Dataset content:
==============================

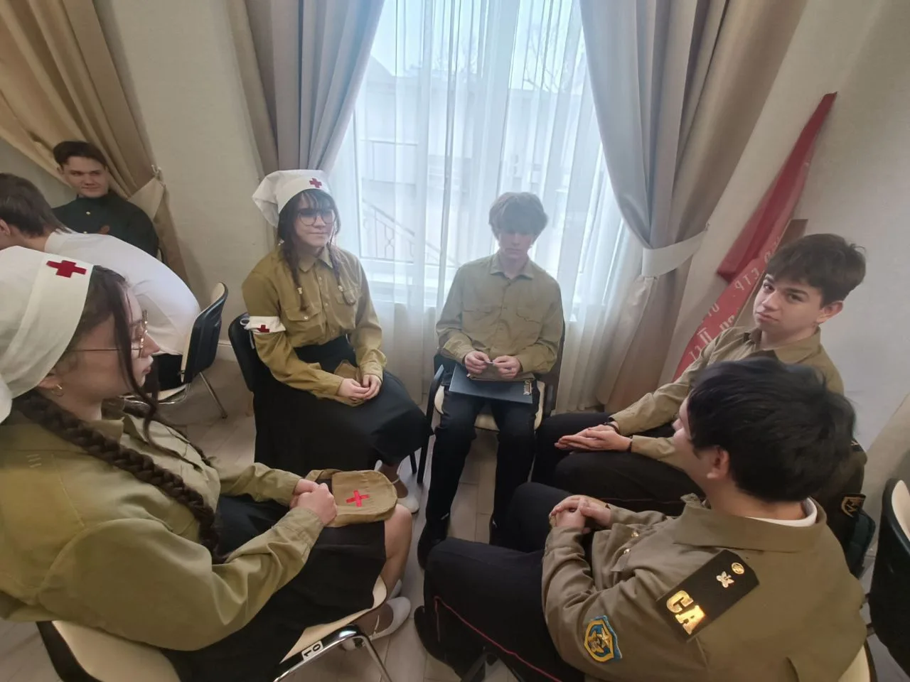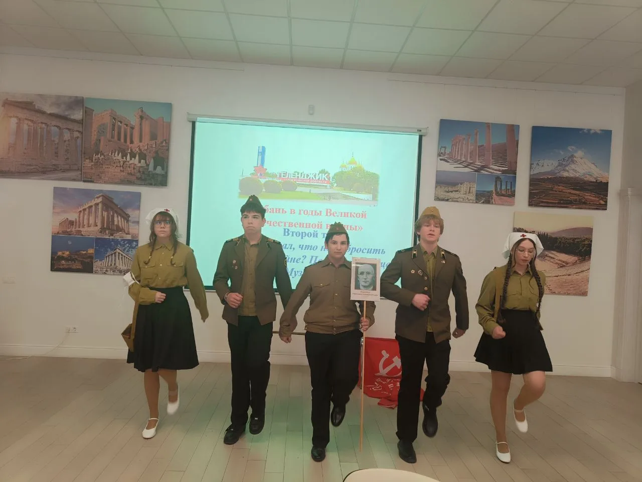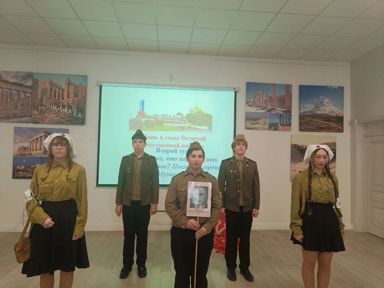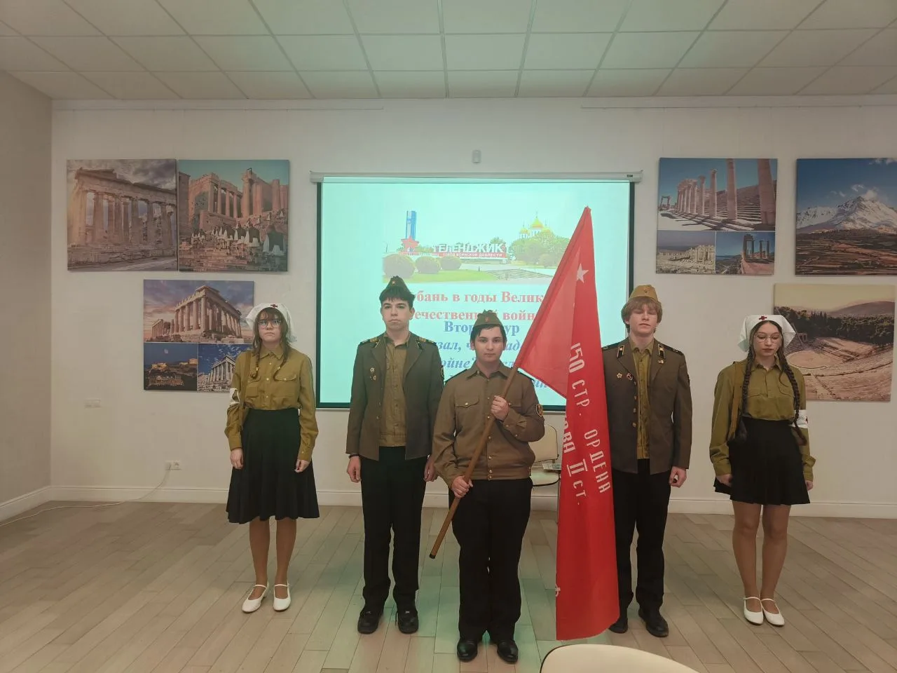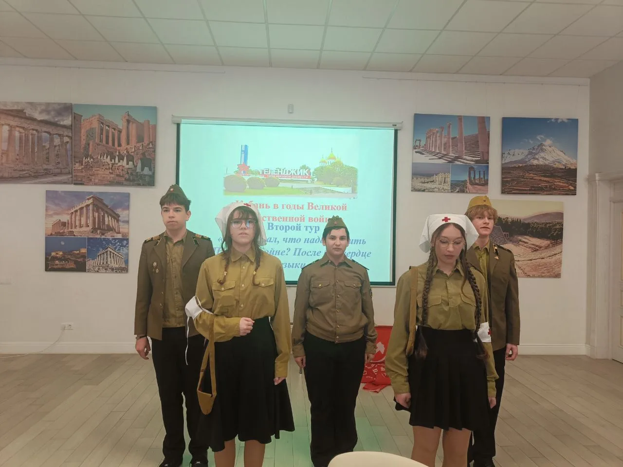 Ребята прошли три тура: приветствие команд, ответы на вопросы о Кубани в годы ВОв и инсценировка военной песни. Все испытания команда прошла достойно!
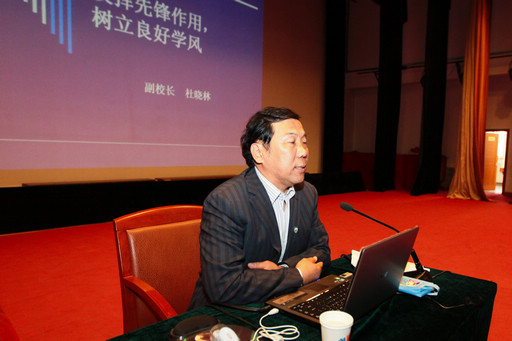 副校长杜晓林作了《发挥先锋作用,树立优良学风》的精彩报告。杜校长从分析优良学风与学校发展、个人成长的关系入手,举了大量我校优秀校友、优秀班集体的事例,指出优秀学生,特别是党员和党积极分子同学要在学风建设中发挥示范作用,做建设良好学风的模范。
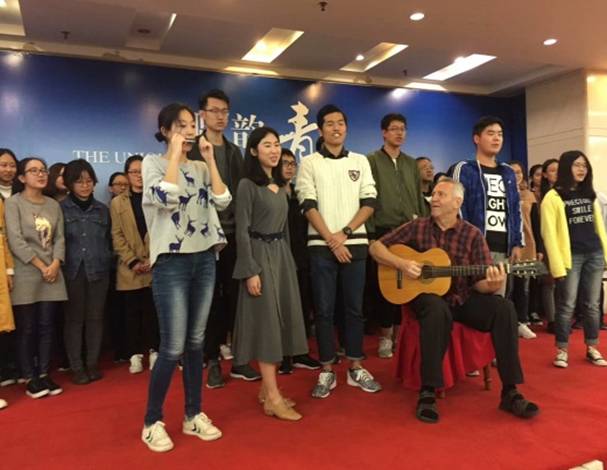 德意志学术交流中心专家、德语教学系外教Detlef Gaertner博士带领德语专业学生,为来访的巴州代表团奉上德语诗朗诵、德语歌曲演唱等节目。巴州精英代表团、德语教学系的同学们还共同演唱了德国著名音乐家贝多芬的经典乐曲“欢乐颂”,将现场气氛推向高潮。最后,中德双方还互赠具有各自文化特色的小纪念,并希望彼此双方在更广泛、更高层次的领域不断建立新的交流与合作。
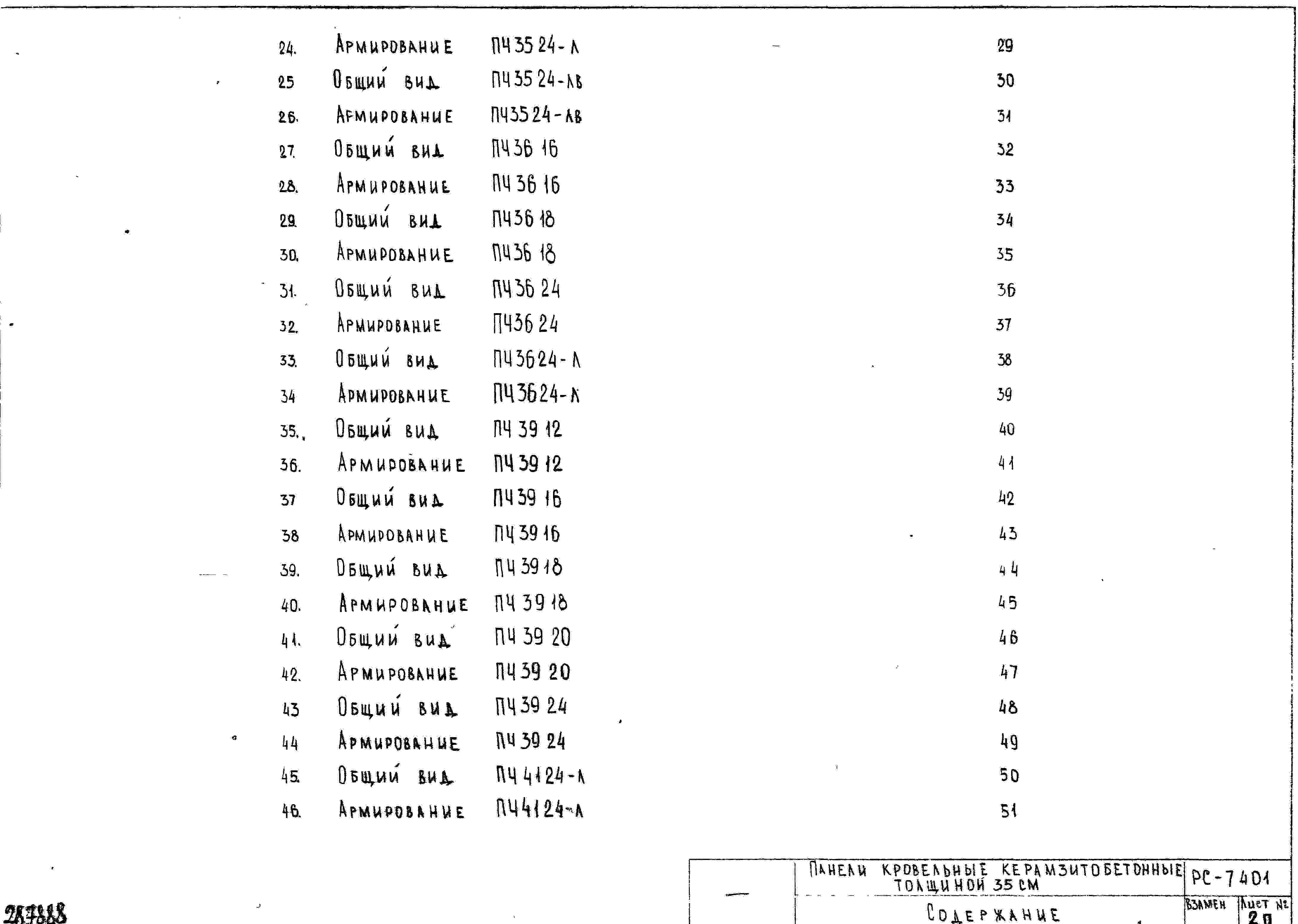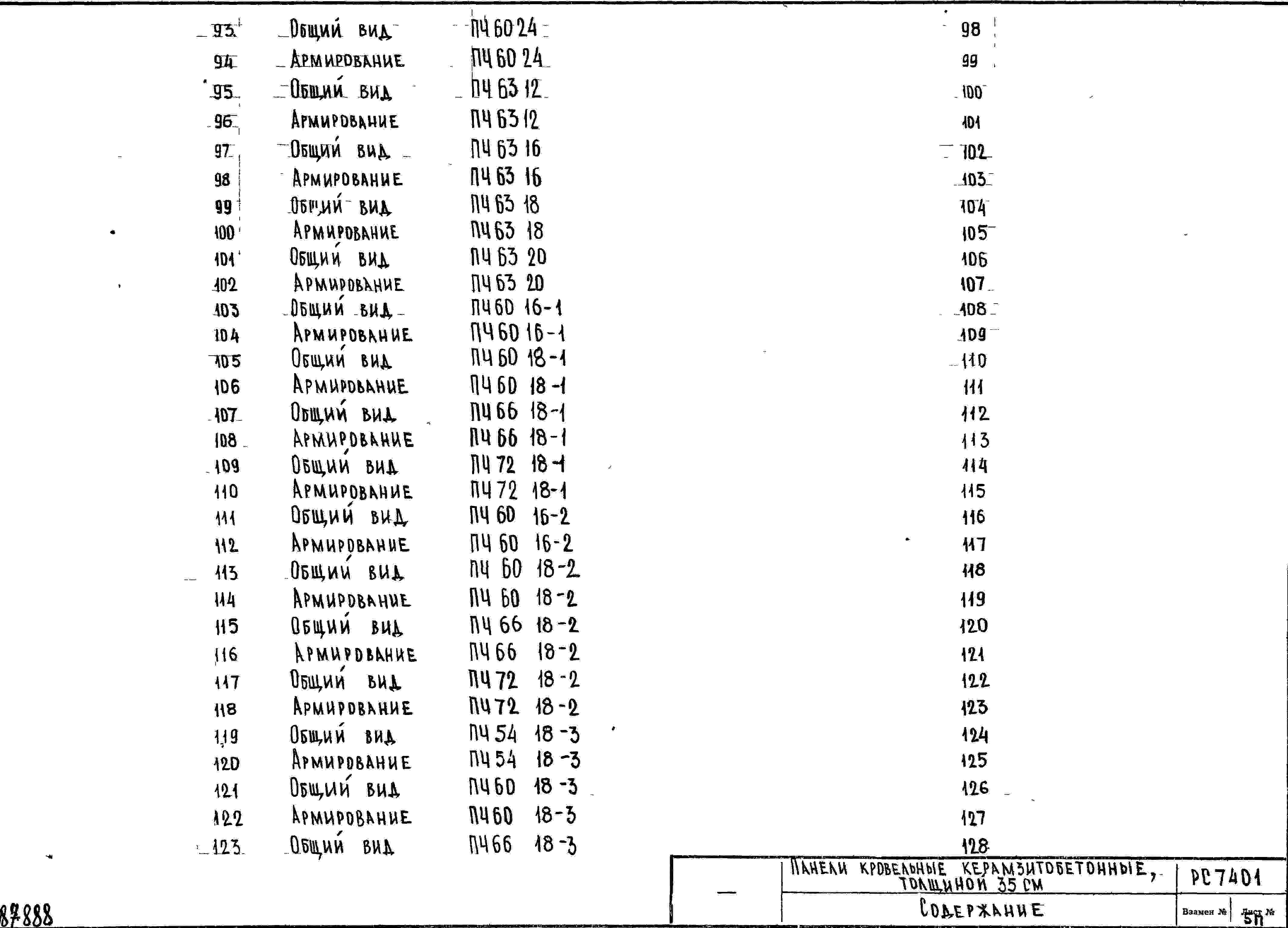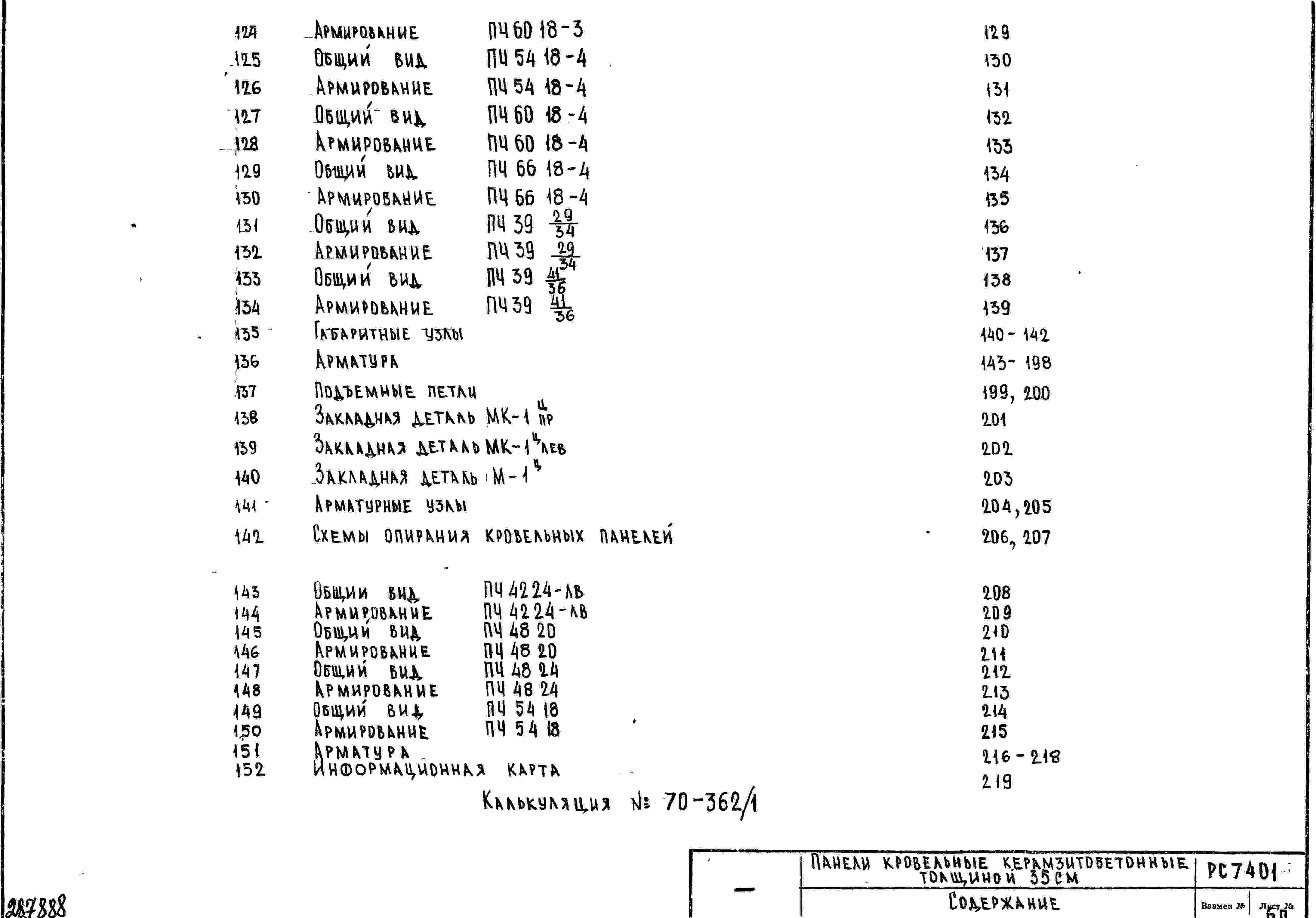 Шифр РС7401 Панели кровельные керамзитобетонные, толщиной 35 см (1970 г.)

==============================

Set down nothing but the lines from the one containing "副校长杜晓林作了《发挥先锋作" to the final line above, both included, with every picture left out.

 副校长杜晓林作了《发挥先锋作用,树立优良学风》的精彩报告。杜校长从分析优良学风与学校发展、个人成长的关系入手,举了大量我校优秀校友、优秀班集体的事例,指出优秀学生,特别是党员和党积极分子同学要在学风建设中发挥示范作用,做建设良好学风的模范。
 德意志学术交流中心专家、德语教学系外教Detlef Gaertner博士带领德语专业学生,为来访的巴州代表团奉上德语诗朗诵、德语歌曲演唱等节目。巴州精英代表团、德语教学系的同学们还共同演唱了德国著名音乐家贝多芬的经典乐曲“欢乐颂”,将现场气氛推向高潮。最后,中德双方还互赠具有各自文化特色的小纪念,并希望彼此双方在更广泛、更高层次的领域不断建立新的交流与合作。
 Шифр РС7401 Панели кровельные керамзитобетонные, толщиной 35 см (1970 г.)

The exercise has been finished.